▼▼▼

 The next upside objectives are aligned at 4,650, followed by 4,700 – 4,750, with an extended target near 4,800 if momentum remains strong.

▲▲▲
▼▼▼

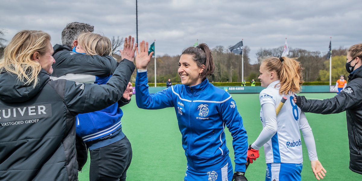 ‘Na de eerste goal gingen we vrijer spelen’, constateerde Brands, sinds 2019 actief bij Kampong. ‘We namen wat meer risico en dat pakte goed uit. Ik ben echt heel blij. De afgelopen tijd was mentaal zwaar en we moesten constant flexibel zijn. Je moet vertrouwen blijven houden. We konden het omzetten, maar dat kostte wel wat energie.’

▲▲▲
▼▼▼

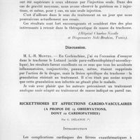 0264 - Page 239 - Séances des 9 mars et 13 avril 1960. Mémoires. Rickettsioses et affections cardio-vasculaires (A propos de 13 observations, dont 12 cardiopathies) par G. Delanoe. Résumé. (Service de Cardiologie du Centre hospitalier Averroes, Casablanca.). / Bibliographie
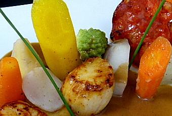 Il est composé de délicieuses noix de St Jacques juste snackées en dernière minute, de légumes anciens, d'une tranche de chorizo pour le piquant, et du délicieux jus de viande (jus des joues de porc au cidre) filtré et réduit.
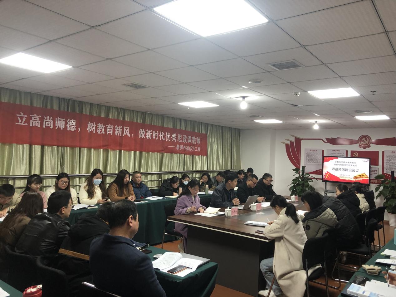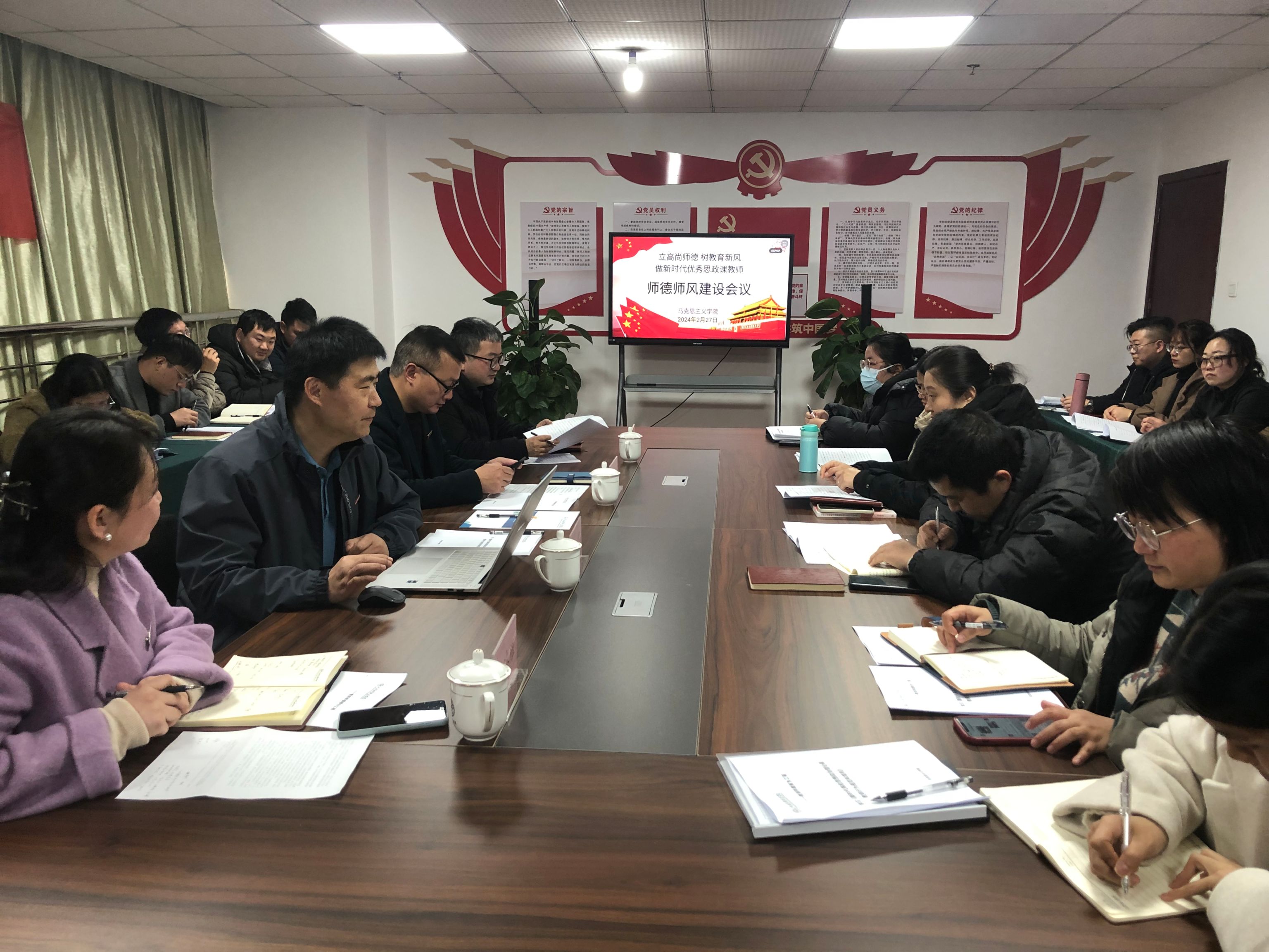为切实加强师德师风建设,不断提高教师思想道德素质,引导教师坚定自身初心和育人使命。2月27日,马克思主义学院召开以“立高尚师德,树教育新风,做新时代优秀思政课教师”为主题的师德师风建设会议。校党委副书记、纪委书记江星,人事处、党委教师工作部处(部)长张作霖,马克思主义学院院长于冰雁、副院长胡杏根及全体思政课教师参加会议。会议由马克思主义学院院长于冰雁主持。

▲▲▲

■ Exercise directions: All that should be printed is the run of lines above from the one with "0264 - Page" through the one with "为切实加强师德师风建设,不断", both included, exactly as given, with pictures left out.

■ Your response:
 0264 - Page 239 - Séances des 9 mars et 13 avril 1960. Mémoires. Rickettsioses et affections cardio-vasculaires (A propos de 13 observations, dont 12 cardiopathies) par G. Delanoe. Résumé. (Service de Cardiologie du Centre hospitalier Averroes, Casablanca.). / Bibliographie
 Il est composé de délicieuses noix de St Jacques juste snackées en dernière minute, de légumes anciens, d'une tranche de chorizo pour le piquant, et du délicieux jus de viande (jus des joues de porc au cidre) filtré et réduit.
为切实加强师德师风建设,不断提高教师思想道德素质,引导教师坚定自身初心和育人使命。2月27日,马克思主义学院召开以“立高尚师德,树教育新风,做新时代优秀思政课教师”为主题的师德师风建设会议。校党委副书记、纪委书记江星,人事处、党委教师工作部处(部)长张作霖,马克思主义学院院长于冰雁、副院长胡杏根及全体思政课教师参加会议。会议由马克思主义学院院长于冰雁主持。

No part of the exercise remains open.